## [Material provided]
++++++++++++++++++++

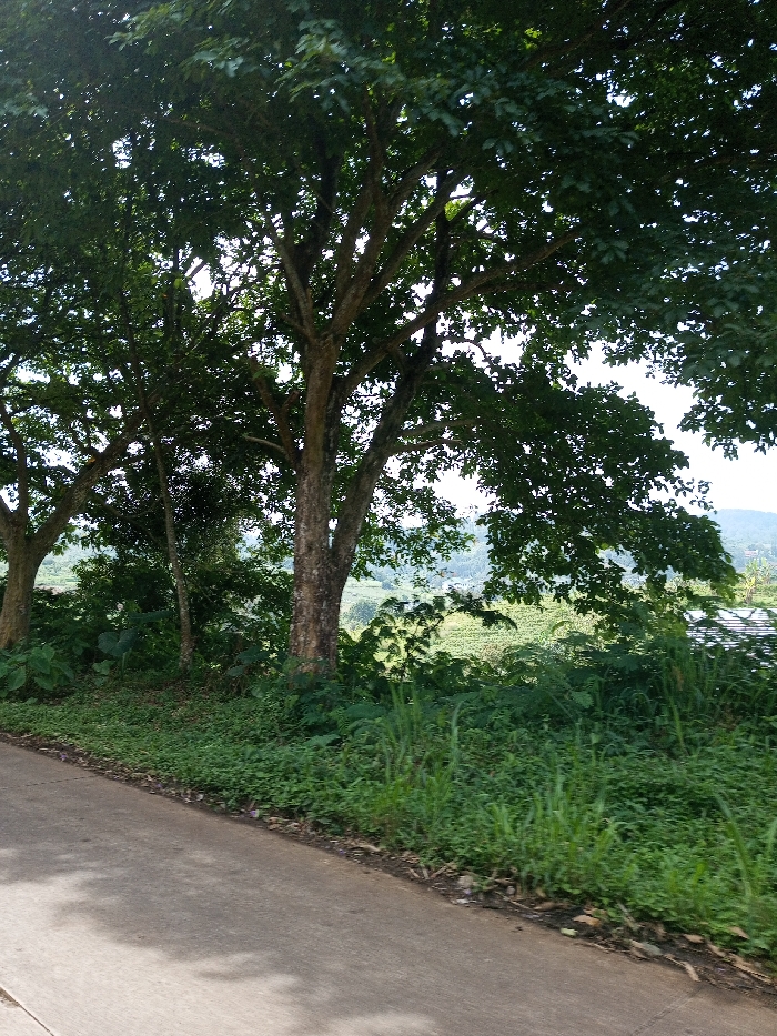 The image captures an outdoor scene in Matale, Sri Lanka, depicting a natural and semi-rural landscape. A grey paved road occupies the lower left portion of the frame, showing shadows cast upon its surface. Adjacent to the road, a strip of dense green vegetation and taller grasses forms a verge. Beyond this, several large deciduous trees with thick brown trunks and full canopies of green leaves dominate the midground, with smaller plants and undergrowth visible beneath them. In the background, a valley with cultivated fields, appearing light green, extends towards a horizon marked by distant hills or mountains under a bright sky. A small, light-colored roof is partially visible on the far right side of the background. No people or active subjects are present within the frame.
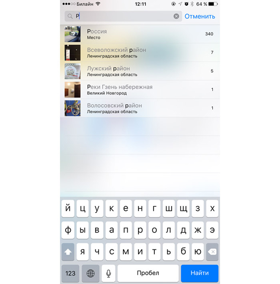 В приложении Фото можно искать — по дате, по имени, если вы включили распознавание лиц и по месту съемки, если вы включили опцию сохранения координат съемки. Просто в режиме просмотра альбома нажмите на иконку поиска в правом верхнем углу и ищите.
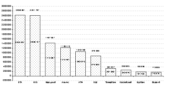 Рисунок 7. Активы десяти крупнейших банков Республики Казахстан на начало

++++++++++++++++++++

## [What is being asked]
Line by line, output the material above exactly, passing over the pictures.

## [Exercise output]
 The image captures an outdoor scene in Matale, Sri Lanka, depicting a natural and semi-rural landscape. A grey paved road occupies the lower left portion of the frame, showing shadows cast upon its surface. Adjacent to the road, a strip of dense green vegetation and taller grasses forms a verge. Beyond this, several large deciduous trees with thick brown trunks and full canopies of green leaves dominate the midground, with smaller plants and undergrowth visible beneath them. In the background, a valley with cultivated fields, appearing light green, extends towards a horizon marked by distant hills or mountains under a bright sky. A small, light-colored roof is partially visible on the far right side of the background. No people or active subjects are present within the frame.
 В приложении Фото можно искать — по дате, по имени, если вы включили распознавание лиц и по месту съемки, если вы включили опцию сохранения координат съемки. Просто в режиме просмотра альбома нажмите на иконку поиска в правом верхнем углу и ищите.
 Рисунок 7. Активы десяти крупнейших банков Республики Казахстан на начало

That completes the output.